We can see that richer countries have high happiness rating while these countries do have high rate of cancer cases. This could be because richer countries tend to use their money to buy everything while compromising and overlooking their health.
These rich countries have a rapid ageing population. Old people have high risk exposure to getting a cancer. This briefly explains a high rate of cancer cases for these highly developed countries.
These countries do have free access to health care system and other benefits so they tend to enjoy life without thinking the repercussion on their health.
The study does not provide a causal relationship between happiness and cancer incidences (outside the scope of the research) although it suggests evidence of its relationships.

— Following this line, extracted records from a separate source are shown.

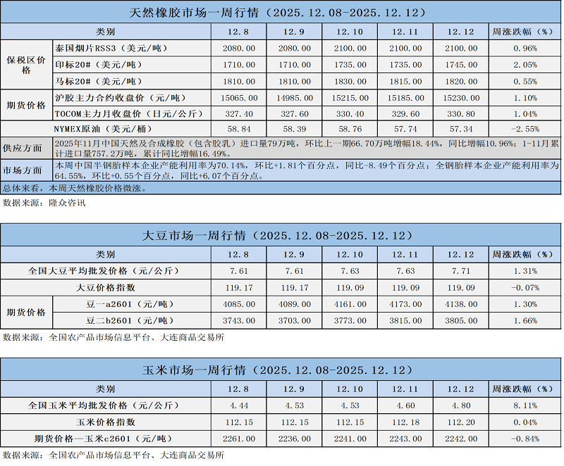 天然橡膠、大豆、玉米市場一周行情(2025.12.08-12.12)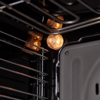 Дверцята і панель управління духовки ELEYUS STELLA 6006 BL CL виготовлені з білого загартованого скла - привабливого зовні і легкого у догляді довговічного матеріалу. Духова шафа обладнаний надійними, продумано розташованими механічними ручками управління + сенсорними кнопками, а також дисплеєм. Для приготування доступні 4 рівня рельєфних направляючих.
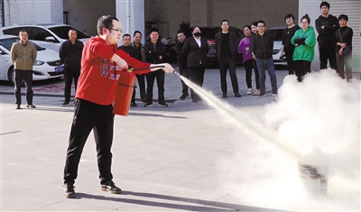 2月28日,市自然资源局通过消防安全基本知识业务培训、观看消防安全案例专题片、组织灭火疏散演练等形式,举办局机关及下属单位消防安全培训和灭火疏散演练,着力提升干部职工消防安全意识。图为灭火器操练现场。 通讯员 吕洪荣 王琴芳 摄

Since two variables only are used on the study, we could have added one or two variables that have direct or indirect impact on happiness and cancer cases, i.e., GDP, weather, age, access to healthcare, etc. This would provide additional insights and strengthen our conclusion.
Other statistical analysis including non-parametric tests could have been used to further validate the conclusion. In case we add more variables, we could have also used Chi-square Test Association technique to highlight the association betweeen the variables.
We could have done some clustering on the country i.e., Asian region, European region and delimiting the type of cancer by removing skin cancer or focusing only on one type of cancer. This way, our analysis would have been focused and specific.
In order to further strengthen our analysis, we could have added years on top of the existing 5 years on the statistical research so see the trend and analyse accordingly.
Although we can say that there is a positive weak linear correlation between happiness and cancer cases, there are other confounding factors that affect these two variables.
Based on statistical findings using the available data, the happier the country is, there is slight probability that the country would have higher incidence of cancer. This is true for majority of the rich and highly developed countries like Australia and other European countries.
In this world full of uncertainty, stress, and noise, the only thing we can do is to make our life healthy and happy so as to reduce the risk of getting cancer. Worrying too much on this dynamic and constantly changing planet is the least we could do, live life to the fullest, eat healthy and chill out.
The message of this study is very basic, life is too short not to enjoy but you have to look after yourself. After all, we live only once so be happy on the inside and out!